Employment law is full of burden-shifting, prima facie standards and evidentiary hurdles. Sometimes, even the courts apply the wrong standard at the wrong stage of a case. That appears to be what happened in the case of Cicalese v. The University of Texas Medical Branch.
A married couple emigrated from Italy to the United States and began working as doctors at the University of Texas Medical Branch (UTMB). According to the complaint,they were very successful for several years until a new dean arrived in late 2012. The doctors alleged that the dean began making comments like “What are you doing here? You should go back to Italy,” and made major changes to their positions. In 2014, a new chairman of surgery arrived and, again according to the complaint, stated that he did not care about “these Italians” and that “stupidity” was an “Italian thing.” Finally, the plaintiffs alleged that the chairman of surgery further demoted and isolated them. The couple sued UTMB alleging discrimination based upon their national origin.
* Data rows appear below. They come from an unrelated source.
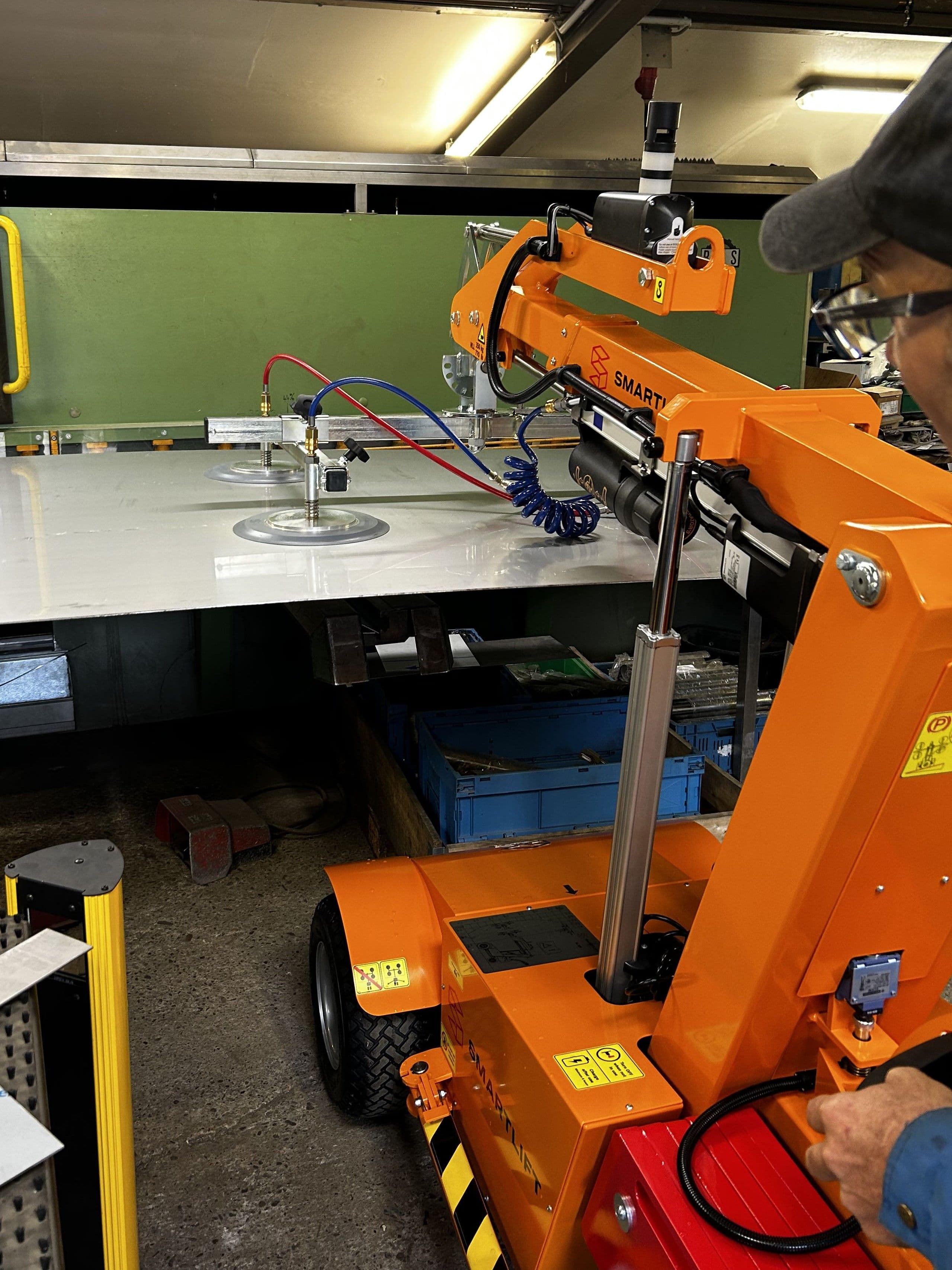 The vacuum lifter requires minimal workspace, is easy to operate, and can be easily moved within the production area. The client is extremely satisfied, as their employees are no longer burdened by heavy lifting tasks and can now use their time more efficiently for the actual processing work.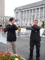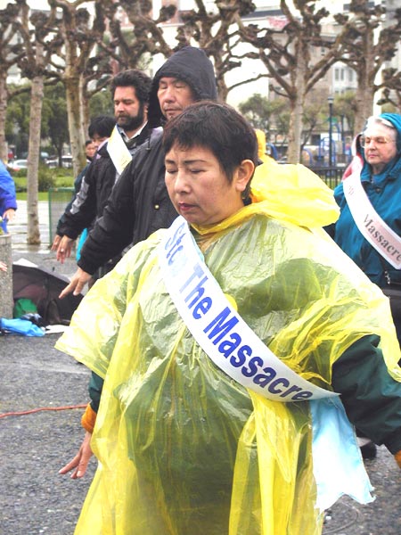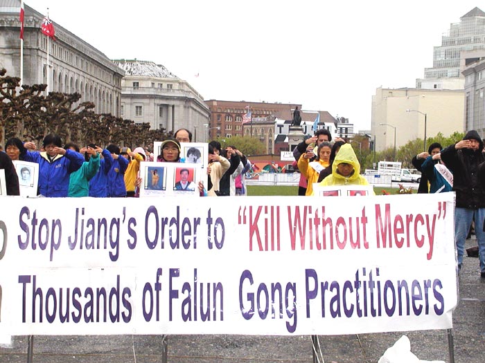 3月22日星期五,旧金山近40名学员冒着蒙蒙细雨来到旧金山市政府面前,继续已进行一周的请愿,呼吁旧金山市政府关注江泽民流氓政权下达的枪杀法轮功学员的严重事态。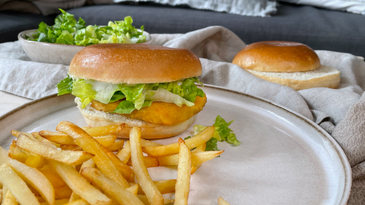 Vegan Crispy Chicken BurgerWith Veganz Vegan Classic Schnitzel With only four ingredients you can rekindle your childhood memories of your favourite fast food burger. The Veganz Vegan Classic Schnitzel and the Veganz Sandwich Spread Classic are the perfect base for this. In no time at all, you can create your own vegan crispy chicken burger and do it not only in the comfort of your home, but also completely vegan. That’s what we call a win-win situation. Homemade Vegan Fast Food Admittedly, classic fast food is tasty, but unfortunately has more disadvantages than advantages when animal products such as cheese and meat patties are involved. These include environmental pollution, poor nutrient distribution and short satiety effect, to name just a few shortcomings. So why not try cooking one of our favourite fast food meals at home? You can save not only in terms of calories, but also do the environment a huge favour. In this recipe, we’ll show you how to make a vegan chicken burger easily, with just a few ingredients and less than ten minutes. Ingredients (2 Serves) 2 burger buns 2 Veganz Vegan Classic Schnitzel 2 tbsp Veganz Sandwich Spread Classic A handful of salad of your choice Oil, for fying Fries or another side of your choice Portions Serves: Fry the Veganz Vegan Classic Schnitzel in a little oil for approx. 6 minutes, turning several times, until crispy. In the meantime, cut up the salad and slice the burger buns, then fill each with a tablespoon of Sandwich Spread and the salad. When the Veganz Vegan Classic Schnitzel are ready, place them inside the burger buns, fold everything together, then you’re finished! Suitable sides would be fries, potatoes or a tasty salad. Unsere Produkte für deine Rezeptkreation

UTMB filed a motion to dismiss the complaint, arguing that the doctors failed to state a plausible National Origin Discrimination Claim under Title VII. The district court agreed and dismissed the case. The doctors appealed stating that the lower court held them to a heightened pleading standard for their disparate-treatment claims. They said that the district court confused the plausibility pleading standard used in a motion to dismiss with the McDonnell Douglas evidentiary standard that is used at the summary judgment stage and later.
The Fifth Circuit first noted that the two standards are markedly different. At the motion to dismiss stage, it is not required that a plaintiff show each prong of the prima facie test for disparate treatment. However, the pleading does have to include “sufficient facts on all the ultimate elements of a disparate treatment claim to make their case plausible.” The court went on to define the ultimate elements: 1) an adverse employment action 2) taken against the plaintiff because of his or her protected status. That’s it. A court that requires more than that, such as a McDonnell Douglas analysis, at the motion to dismiss stage is wrong.
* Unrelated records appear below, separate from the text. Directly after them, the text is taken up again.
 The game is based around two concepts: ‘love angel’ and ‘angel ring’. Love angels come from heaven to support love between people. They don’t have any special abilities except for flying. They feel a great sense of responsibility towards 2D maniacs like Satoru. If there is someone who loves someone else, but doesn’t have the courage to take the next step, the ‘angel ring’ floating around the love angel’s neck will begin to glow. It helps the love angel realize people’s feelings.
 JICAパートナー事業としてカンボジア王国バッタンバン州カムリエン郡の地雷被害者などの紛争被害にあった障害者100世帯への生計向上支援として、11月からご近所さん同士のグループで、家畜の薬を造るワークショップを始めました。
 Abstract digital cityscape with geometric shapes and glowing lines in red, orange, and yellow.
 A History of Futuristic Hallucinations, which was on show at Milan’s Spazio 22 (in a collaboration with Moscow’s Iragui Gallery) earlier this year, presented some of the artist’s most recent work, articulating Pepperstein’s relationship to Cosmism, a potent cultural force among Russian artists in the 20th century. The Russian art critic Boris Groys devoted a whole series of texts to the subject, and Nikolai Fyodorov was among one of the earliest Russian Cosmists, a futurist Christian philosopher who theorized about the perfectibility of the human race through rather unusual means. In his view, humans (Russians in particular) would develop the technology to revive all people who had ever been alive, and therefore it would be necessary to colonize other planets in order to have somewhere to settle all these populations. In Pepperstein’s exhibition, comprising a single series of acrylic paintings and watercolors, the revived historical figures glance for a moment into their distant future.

The lower court had held that the doctors failed to provide proof of a similarly situated non-Italian employee who was treated differently and also found that the derogatory statements were merely “stray remarks” that didn’t prove discriminatory motive. The Fifth Circuit disagreed. They stated that “although a close call,” the plaintiffs did allege sufficient facts to “nudge” their claims of anti-Italian bias over the line from “conceivable to plausible.” The Fifth Circuit reversed the granting of the motion to dismiss, holding that an analysis of the similarly situated fellow employee and “stray remarks” were more suited to the summary judgment phase.
First, this case is a good reminder that national origin is an alive and well-protected class. Employers should be mindful that comments about where someone is from are as actionable as comments about race, sex or age. Even if they are just kidding around.
Second, this case shows that, at least in the Fifth Circuit, a plaintiff’s burden to survive a motion to dismiss is not that heavy. Even if a complaint is filled with (what an employer considers) lies and untruths, if it pleads allegations that at least meet the ultimate elements, you may have to go through discovery to get to a motion for summary judgment.